* **Extracted data entries**
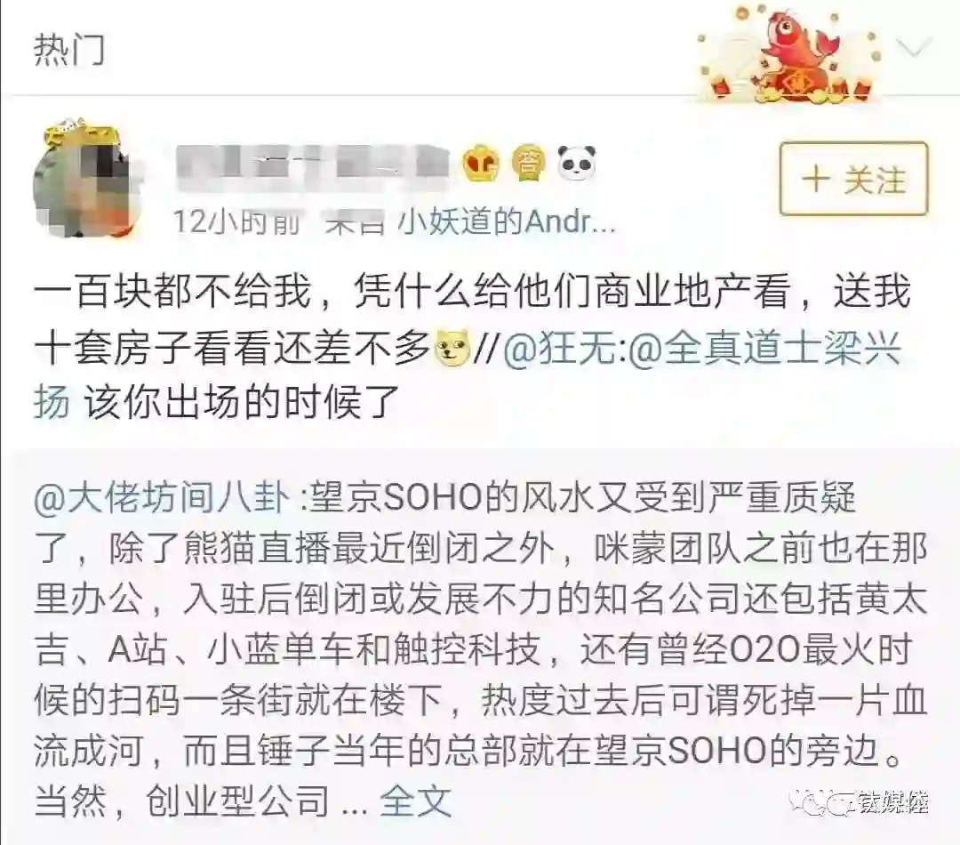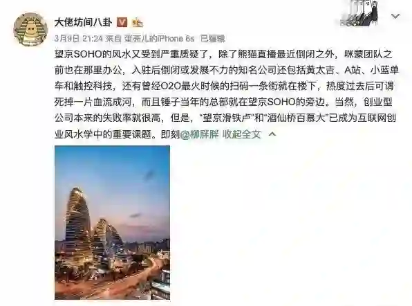 3月9日,微博博主“大佬坊间八卦”发了一条微博,谈论入驻望京SOHO后倒闭或发展不力的互联网公司。
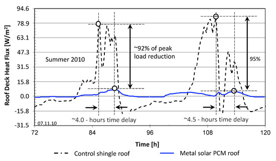 The analysis, presented in Table 2 and Figure 5 and Figure 6, shows that the rate of the peak load reduction and the scale of the time shifting directly depend on the magnitude of thermal excitation impacting the analyzed building envelope. Furthermore, the test data collected on a variety of roof-deck-installed dynamic thermal disconnect systems indicates that they can notably reduce the maximum temperature affecting the attics below, i.e., the lower the peak thermal excitation reaching the attic, the higher the load reduction rate and the longer the time shift generated by the PCM-enhanced attic floor thermal insulation. Considering that peak load shift generated by roof-deck-installed thermal disconnect technologies can be between 1 to 4 h, and taking into account, as presented in Table 2, the length of time shifts which can be generated by the PCM-enhanced attic floor insulation, it is clear that it is possible to design roofs which can shift the roof generated cooling loads by more than 10 h. The data discussed in this paper presents unique design considerations for using building envelopes as key components of dynamic peak energy load management in buildings.
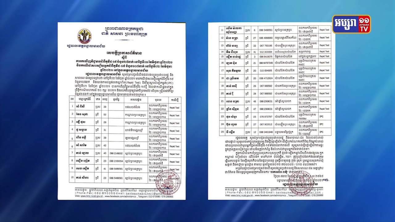 ខេត្តបន្ទាយមានជ័យ រកឃើញអ្នកឆ្លងថ្មី២៥នាក់ (Video Inside)ព័ត៌មានអប្សរាណេតអត្ថបទដោយ៖ឆាយ រត្ថា ឆាយ រត្ថាលោក ឆាយ រត្ថា ជាបុគ្គលិកផ្នែកព័ត៌មានវិទ្យា នៃអគ្គនាយកដ្ឋានវិទ្យុ និងទូរទស្សន៍ អប្សរាអត្ថបទមុនអត្ថបទបន្ទាប់
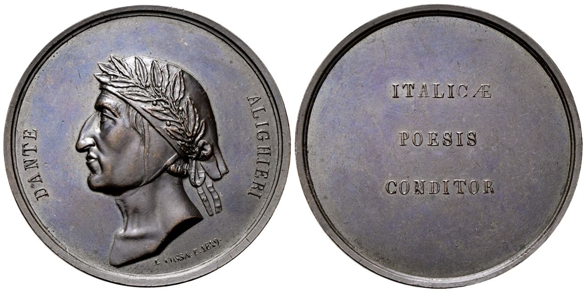 Dr. DANTE - ALLIGHIERI. Busto laureato del Poeta a s.; sotto, L COSSA 1819. Rv. ITALICAE / POESIS / CONDITOR. Iscrizione disposta su tre righe.
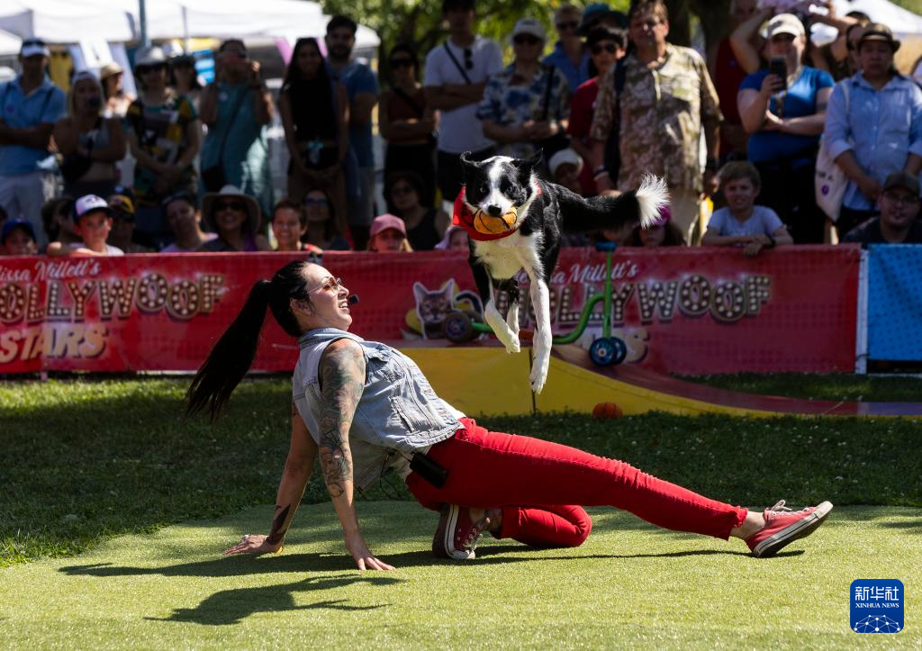 9月4日,一名表演者与她的宠物犬在加拿大多伦多国际街头艺人节上表演。
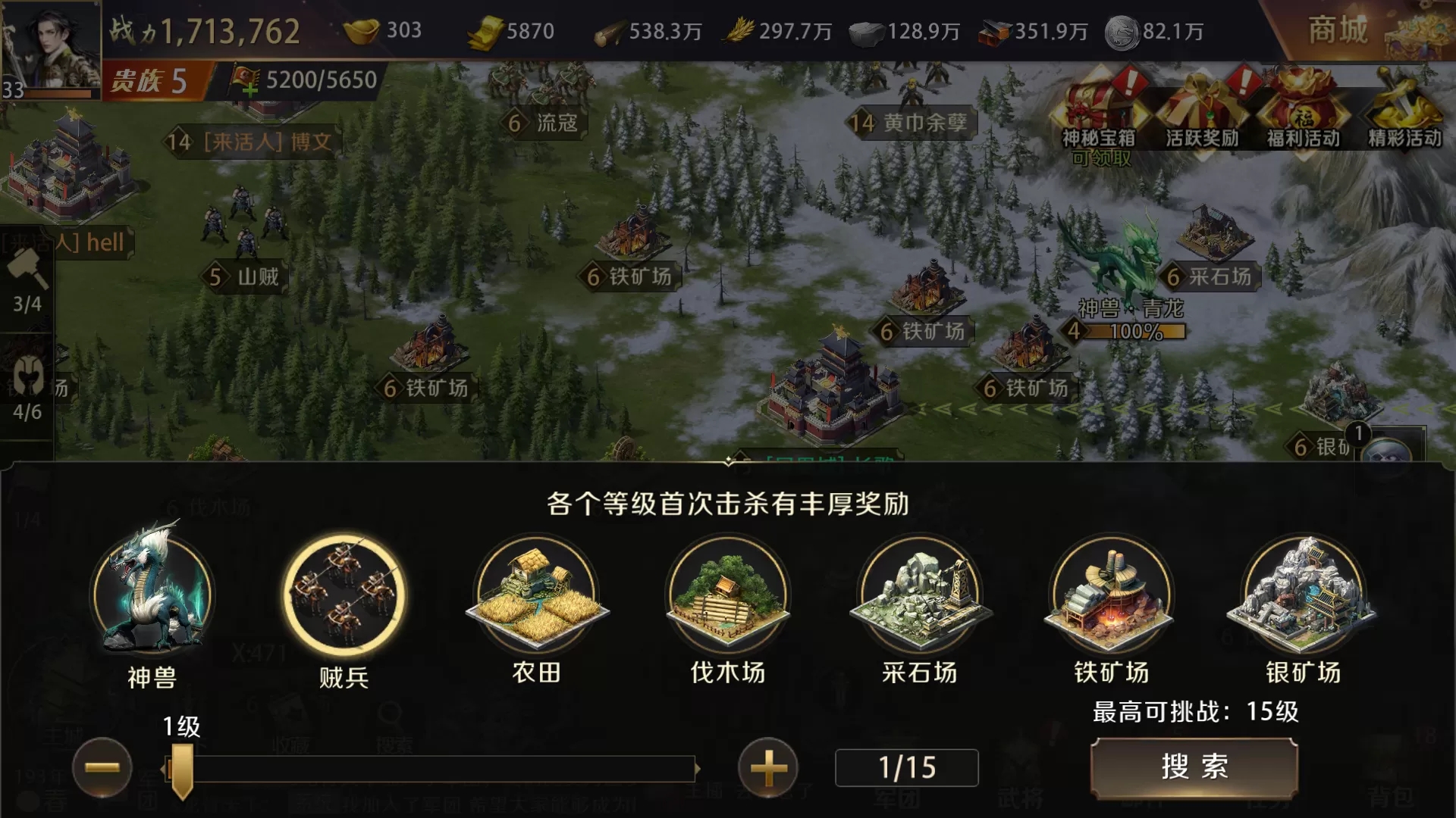 在城外地图上,资源都标注着文字,主公可以派遣军队采集资源。点击左下角搜索按钮可以搜索任何主公想要的资源:农田、伐木场、采石场、铁矿场、银矿场;并且可以选择资源的等级,当然由于地理位置的原因,有些等级的资源在主公附近是无法找到的,等级越高的资源越丰富。同时地图上还有神兽和不定期刷新的贼兵,搜索按钮都可以搜索,也可以在大地图上看到后直接攻击。

* **What is required**
Could you repeat exactly the lines from the one containing "ខេត្តបន្ទាយមានជ័យ រកឃើញអ្នកឆ្លងថ្មី២៥នាក់ (Video" to the last line of the records, both included, and leave out every picture?

* **Exercise output**
 ខេត្តបន្ទាយមានជ័យ រកឃើញអ្នកឆ្លងថ្មី២៥នាក់ (Video Inside)ព័ត៌មានអប្សរាណេតអត្ថបទដោយ៖ឆាយ រត្ថា ឆាយ រត្ថាលោក ឆាយ រត្ថា ជាបុគ្គលិកផ្នែកព័ត៌មានវិទ្យា នៃអគ្គនាយកដ្ឋានវិទ្យុ និងទូរទស្សន៍ អប្សរាអត្ថបទមុនអត្ថបទបន្ទាប់
 Dr. DANTE - ALLIGHIERI. Busto laureato del Poeta a s.; sotto, L COSSA 1819. Rv. ITALICAE / POESIS / CONDITOR. Iscrizione disposta su tre righe.
 9月4日,一名表演者与她的宠物犬在加拿大多伦多国际街头艺人节上表演。
 在城外地图上,资源都标注着文字,主公可以派遣军队采集资源。点击左下角搜索按钮可以搜索任何主公想要的资源:农田、伐木场、采石场、铁矿场、银矿场;并且可以选择资源的等级,当然由于地理位置的原因,有些等级的资源在主公附近是无法找到的,等级越高的资源越丰富。同时地图上还有神兽和不定期刷新的贼兵,搜索按钮都可以搜索,也可以在大地图上看到后直接攻击。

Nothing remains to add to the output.